Report each line of the records below that holds the word "Koch".

------ The data

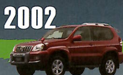
2002 LAND CRUISER PRADO "120" SERIES オンロードでもオフロードでも 扱いやすい4駆として、 多くのユーザーに受け入れられる。
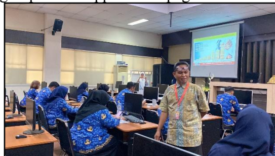
Gambar 6. Pemberian Materi

Setelah registrasi, peserta kemudian diarahkan untuk duduk di kursi yang telah disediakan di ruang CAT UPT, dilanjutkan pembukaan acara seminar dengan resmi oleh kepala UPT, kemudian setelah itu peserta diarahkan untuk mengisi link pre-test yang disebar melalui group WhatsApp seluruh pegawai UPT.
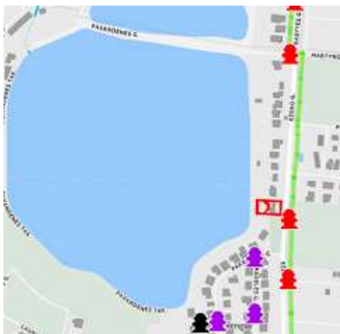
1. Hidrantų išdėstymo vietų a schema.

Vanduo išorės gaisrų gesinimui. Greta planuojamų žemės sklypų įrengtas priešgaisrinis hidrantas.
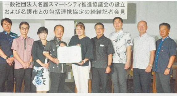
一般社団法人名護スマートシティ推進協議会の設立 および名護市との包括連携協定の締結記者会見
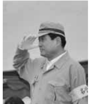
▲男鹿市防災訓練にて(5月26日)

▼6月14日朝の岩手・宮城内陸地震は、市民の皆さんも驚いたことと思います。私も日本海中部地震を思い出し、揺れがこのまま静まるよう祈っていました。その後、続々入る情報は皆さんもご承知のとおりです。県からの要請で消防本部の化学消防車、高規格救急車、広報車が奥州市に出動し、17日の午後戻って来ました。署員の皆さんご苦労さまでした。亡くなられた方々や災害に遭われた方々に心よりご冥福とお見舞いを申し上げます。私から奥州市、栗原市、大崎市のそれぞれの市長にお見舞いの電話を入れ、何か支援することがないかと申し上げました。本市では、下水道の管が二方所被害を受けました。日ごろから災害に対する準備を怠らないよう心がけましょう。
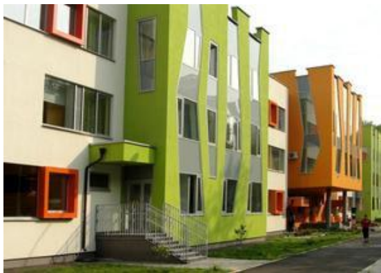
Рис. 5. Детский сад, г. Москва 2-ая Парковая ул, 25

Разработка типовых проектов детских садов, как в Красноярске, так и в Москве, показывают важность цветового решения фасадов. Цвет придает индивидуальность зданиям детских садов, делает их облик более привлекательным.
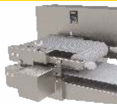
TABLERO DE CONTROL
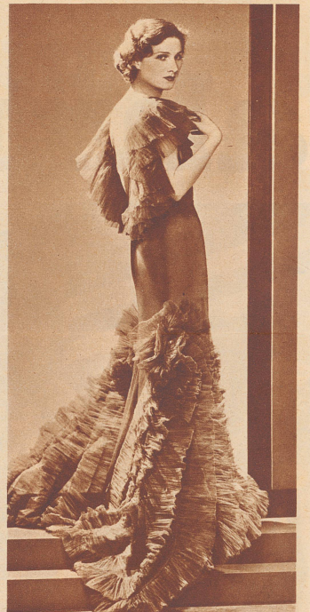
Festliches Abendkleid aus Seidentüll mit reichen, schleppenartig auslaufenden plissierten Volants.

rend des ganzen Sommers bewährt. Mit Rüschen und Schleifen ist nicht gespart worden, auch die Farben sind äußerst vielfältig. Als neueste Schöpfung wird Cellophan gleichzeitig mit Tüll und Taft verarbeitet. Aber es scheint, daß sich dieses Material nicht so recht durchzusetzen vermag. Es ist allzu kunstgewerblich, und die Frauen, die sich sonst gerne emanzipiert und sachlich geben, lieben es, sich des Abends in Gewänder zu hüllen, die nicht nur im Stil, sondern auch im Stoff an die Zeiten erinnern, in denen die Großmütter junge Mädchen waren.
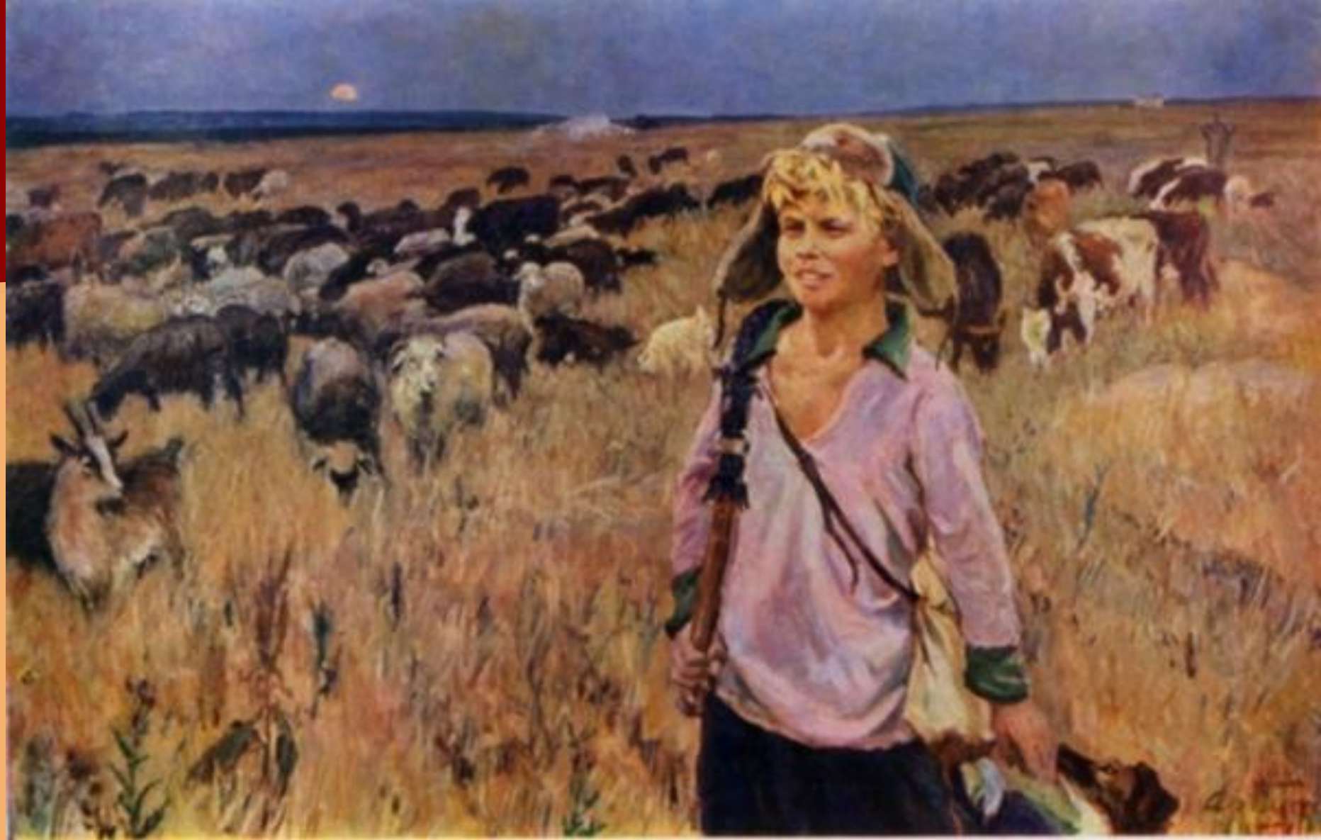
А. Пластов. Витя-подпасок
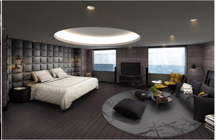
Imperial Suite(Bed Room)完成予想図
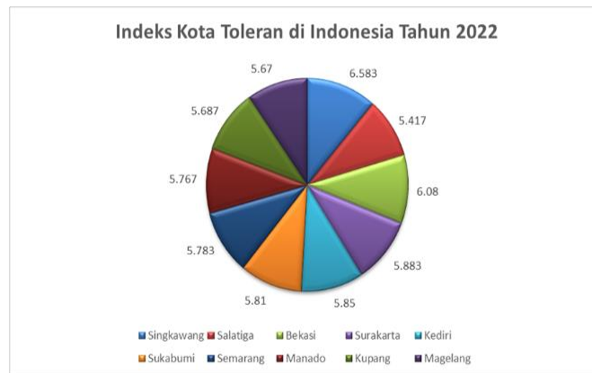
Gambar: III Indeks Kota Toleran di Indonesia
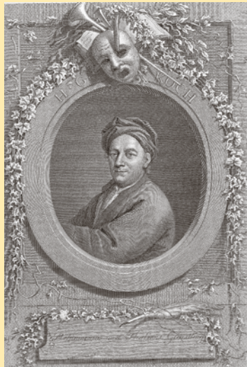
Heinrich Gottfried Koch

den Titel „Kurfürstlich Sächsischer Hofkomödiant“ und gründete eine eigene Schauspieltruppe, zu der auch seine Frau Christiane Henriette Koch gehörte. Sie spielten im Theater am Großen Blumenberg und in Quandts Hof. 1752 führte Koch in Leipzig mit großem Erfolg das erste deutsche Singspiel „Der Teufel ist los“ von Christian Felix Weiße auf und 1756 Lessings „Miss Sara Sampson“.
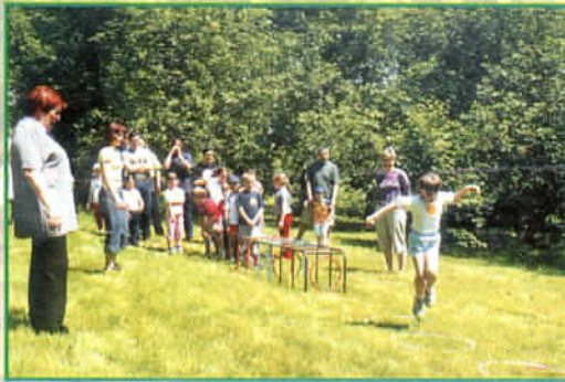
W przedszkolu nr 1
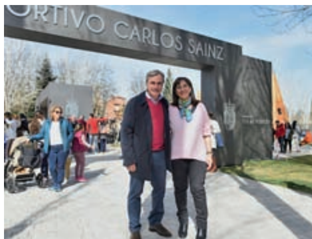
El acto de presentación

El recinto también tiene dos grandes áreas infantiles
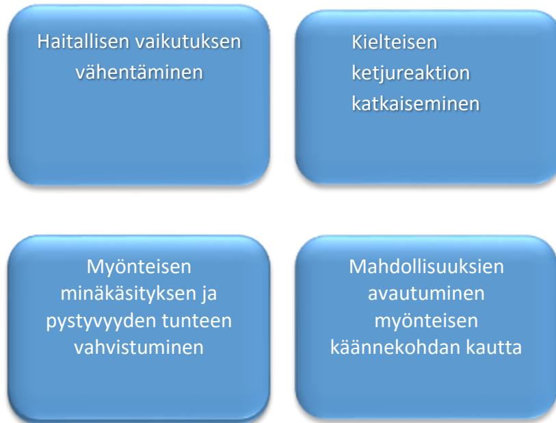
Kuvio 2 Neljä selviytymistä tukevaa prosessia

merkitystä heikentämällä tai estämällä sille altistumista; kielteisen ketjureaktion katkaiseminen, myönteisen minäkäsityksen ja pystyvyyden tunteen vahvistuminen (kannustavat ihmissuhteet; tehtävien suorittamisessa menestyminen) sekä mahdollisuuksien avautuminen myönteisen käännekohtan kautta.
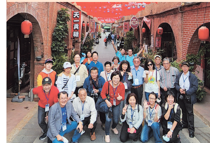
校友們與美麗街道合影
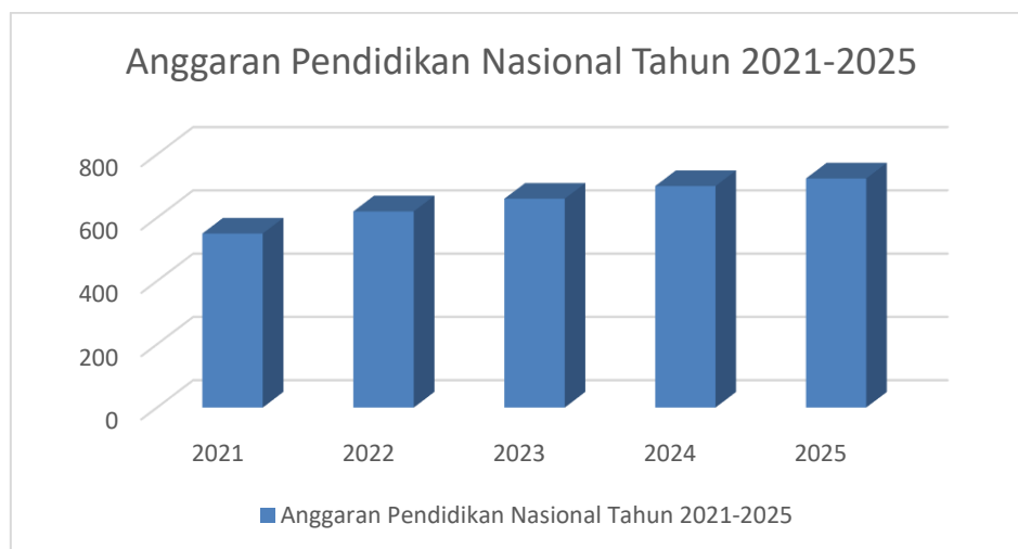
Gambar 2. Anggaran Pendidikan Nasional Tahun 2021–2025

Berdasarkan tabel tersebut, diketahui bahwa sebanyak 34,75% tenaga kerja merupakan lulusan SD ke bawah, dan sebagian besar tenaga kerja masih didominasi oleh lulusan SMP/SMA sebesar 52,00%, sementara itu lulusan pendidikan tinggi hanya sekitar 13,06%. Kondisi ini menunjukkan bahwa kualitas sumber daya manusia Indonesia masih relatif rendah. Rendahnya tingkat pendidikan ini berdampak langsung pada daya saing bangsa, terutama dalam menghadapi persaingan global yang semakin ketat. Di sisi lain, pemerintah terus menunjukkan komitmen dalam meningkatkan kualitas pendidikan melalui peningkatan anggaran pendidikan setiap tahunnya.

------------

> **Output of the exercise**:
Heinrich Gottfried Koch
den Titel „Kurfürstlich Sächsischer Hofkomödiant“ und gründete eine eigene Schauspieltruppe, zu der auch seine Frau Christiane Henriette Koch gehörte. Sie spielten im Theater am Großen Blumenberg und in Quandts Hof. 1752 führte Koch in Leipzig mit großem Erfolg das erste deutsche Singspiel „Der Teufel ist los“ von Christian Felix Weiße auf und 1756 Lessings „Miss Sara Sampson“.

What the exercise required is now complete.